It was this last person Noetos made towards. Lenares always made him uncomfortable with her uncanny way of seeing things,
her facility with numbers, and her lack of the simple social graces that kept people from hurting each other unintentionally.
And in that last, hypocrite, how is she different from you? She was unpredictable, and Noetos was not the only one who found her difficult, he was sure. He was able to overcome his
reluctance and approach her not because of some kindness of heart, but because of his regard for Cylene, her twin. The sister
Lenares hadn’t yet met.
“Are you all right, Lenares?” he asked her.
She looked up at him from where she knelt. “Am I all right?”
Those wide eyes, their shape so familiar to him—no, not hers, her sister’s—blinked slowly once, twice, thrice. Noetos wondered
whether he ought to repeat the question. Had it not been simple enough?
“Of course she’s not all right, Father,” Anomer said from beside him, then turned to the girl. “Here, come with us, Lenares.
You need food and drink. We’ll talk of what we should do about all this after you’ve eaten.”
He stretched down an arm. Hesitantly she took it, although her white face and hurt eyes remained totally focused on Torve.
“I don’t want to leave him,” she said.
“Let those skilled in healing tend him. You should let us tend you.”
Clearly reluctant, Lenares allowed herself to be led away a short distance from Torve, but kept her head turned so the Omeran
would not be out of her sight for a moment. Despite her oft-expressed dislike of being touched, she made no motion to prevent
Anomer rearranging her dishevelled clothing. She seemed not to notice it.

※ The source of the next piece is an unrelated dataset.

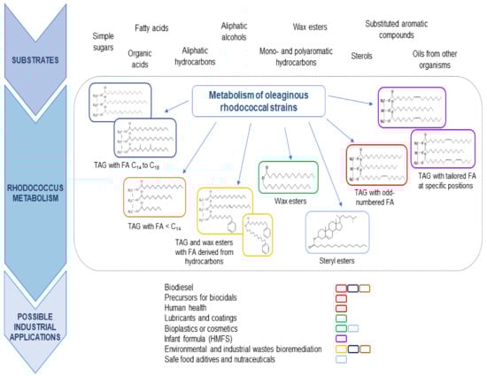 These studies demonstrate the wide metabolic repertoire of oleaginous rhodococci for the degradation of aromatic compounds and their good potential for converting these substances into lipids, such as TAG and WE, with a diversity of chemical structures (Figure 2).

That’s the other reason she unnerves me, Noetos thought. He had never seen anyone able to devote themselves so completely to one thing at the expense of everything
else.
The Omeran servant was in poor condition. His wound had been cauterised but, however well the procedure had been done, the
red mess between his legs was clearly giving him intense pain. Noetos was not certain what had happened to precipitate this,
but it seemed the mercenary had discovered Torve and Lenares engaged in an intimate act—the intimate act, apparently—and had decided to castrate the fellow.

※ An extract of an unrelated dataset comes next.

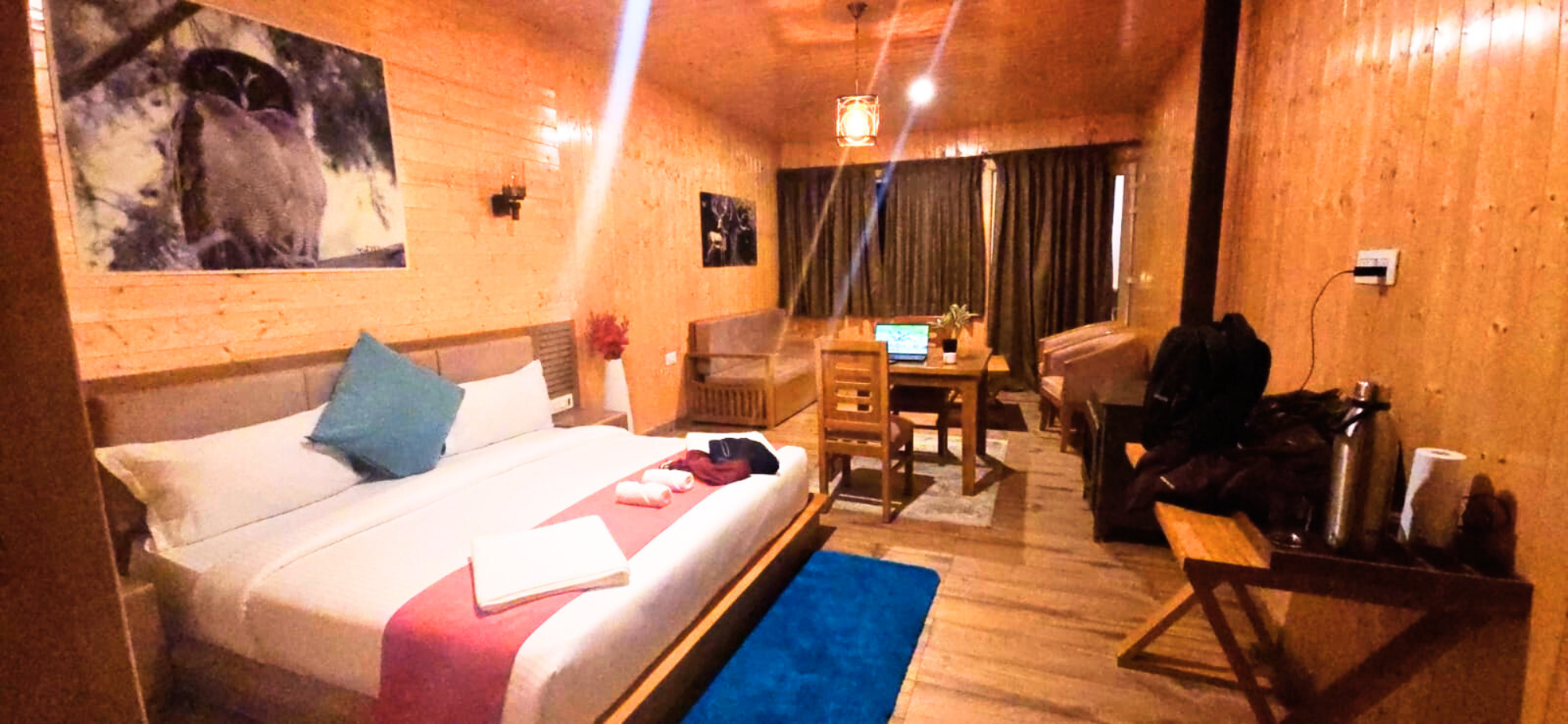 Bonfire evenings and outdoor seating under star-filled Himalayan skies.

“Who was this Dryman, that he could do this to you?” Noetos asked.
Torve offered no reply.
Captain Duon lowered himself to his haunches with a groan. “Aye, that’s the question. I may have some answers for you. It
is time to lay everything out for all to hear, I think. Then we can judge what must be done.”
“Here?” Arathé asked, her hands flashing. “Are we safe here? Won’t the gods hear our conversation?”
“Who knows?” the southerner replied. “I doubt we’re safe anywhere. But I think we may have a short time to ourselves before
the gods return to resume their meddling. The Father has achieved his purpose, and the Son and Daughter are disembodied for
now. We must take this time to decide what we are to do next, and for that you need to hear what I have to say.”
Stella raised her head from bending over another prone figure. “I do not mean to offend,” she said, “but whatever answers
you provide may be somewhat suspect. Before we hear from you, we need to discuss the matter of the voice in your head. I am
wary of our plans being overheard.”
“But I can assure you—”
Stella shut him up with a wave of her left arm. “Later. First we attend to the injured. There is a man over here bleeding
from the head. His brother does not seem capable of dealing with him.”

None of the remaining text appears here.